Giustamente, egli ha sollecitato un modo differente di pensare e di intervenire. “Di fronte a circostanze impreviste, un cambiamento di mentalità è necessario in questa crisi come lo sarebbe in tempo di guerra”, ha affermato, aggiungendo che “ci deve essere di ispirazione l’esempio di coloro che ricostruirono il mondo, l’Europa, l’Italia dopo la seconda guerra mondiale. Si pensi ai leader che, ispirati da J.M. Keynes, si riunirono a Bretton Woods nel 1944 per la creazione del Fondo Monetario Internazionale”.

Questa è la ragione e l’inudibile necessità di riflettere in modo nuovo e innovativo anche sulla gestione e su una possibile riduzione, se non cancellazione, di almeno parte del debito pubblico. Nei mesi scorsi, in verità, ci sono state delle proposte rilevanti.

Recentemente oltre 100 economisti, soprattutto francesi, italiani e spagnoli, hanno scritto un manifesto in cui si sostiene che “Il debito detenuto dalla Bce si può e si deve annullare”. Il 25% del debito pubblico europeo è detenuto dalla Banca centrale europea, cioè una quota di debiti pari a circa 2.500 miliardi di euro, che i cittadini europei devono a loro stessi.

Nella storia, la cancellazione del debito non è sempre stata un tabù: alla Conferenza di Londra del 1953, per esempio, i partecipanti, guidati dagli Stati Uniti, decisero la cancellazione di due terzi del debito pubblico della Germania, che iniziò così il suo percorso di ripresa e di prosperità.

La loro proposta è chiara. I paesi europei e la Bce siglano un accordo in cui quest’ultima si impegna a cancellare il debito pubblico che detiene (o a trasformarlo in debito perpetuo senza interessi), mentre gli Stati si dovrebbero impegnare a investire lo stesso importo nella ricostruzione ambientale e sociale. Ricetta semplice, impegnativa ed efficace.

Vi sono anche altre proposte simili, come quella che prevede che i debiti accesi per far fronte alla crisi attuale siano nella forma di titoli irredimibili, senza scadenza e senza interessi, garantiti dalla Bce.

Del resto, anche un grande paese come il Giappone ha dovuto e deve fare i conti con la sua situazione debitoria. Pur essendo un paese avanzato e tecnologizzato forse più dell’Europa, ha il più grosso debito pubblico al mondo, pari a 252% del suo Pil. Nel 2020 ha aumentato il suo bilancio del 20% attraverso l’emissione di nuovi titoli di Stato. Ma in Giappone oltre il 40% di tutto il debito pubblico è in mano alla Banca centrale e il resto, in maggioranza, è posseduto dalle banche e dalle famiglie giapponesi. Non è in una situazione idilliaca, ma controllando il suo debito, il Giappone non è soggetto a pressioni esterne o a speculazioni da parte dei mercati internazionali.

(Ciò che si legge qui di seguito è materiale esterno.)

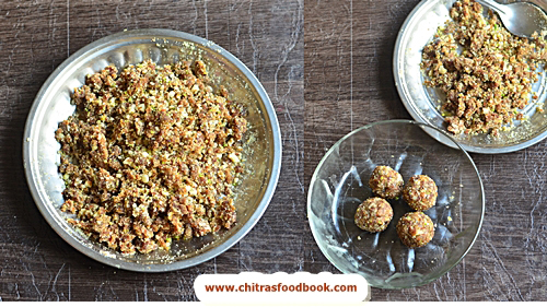 - Mix well to make the dry fruits pooranam. Make small balls and set aside.

In conclusione, la cosa decisiva è che il “debito buono” venga utilizzato per la crescita economica. In tal modo aumentando il denominatore, il tasso debito/Pil inevitabilmente si abbassa. Ma non è la frazione matematica che interessa. Con la ripresa economica si possono finalmente affrontare i problemi reali delle famiglie e delle imprese.

Il fatto che Draghi, nel frattempo, sia diventato capo del governo del nostro paese, ci fa ben sperare. Certo, anche noi, come cittadini e come singoli, dovremmo modificare i nostri comportamenti, ispirandoli al rispetto delle leggi e dei valori costituzionali.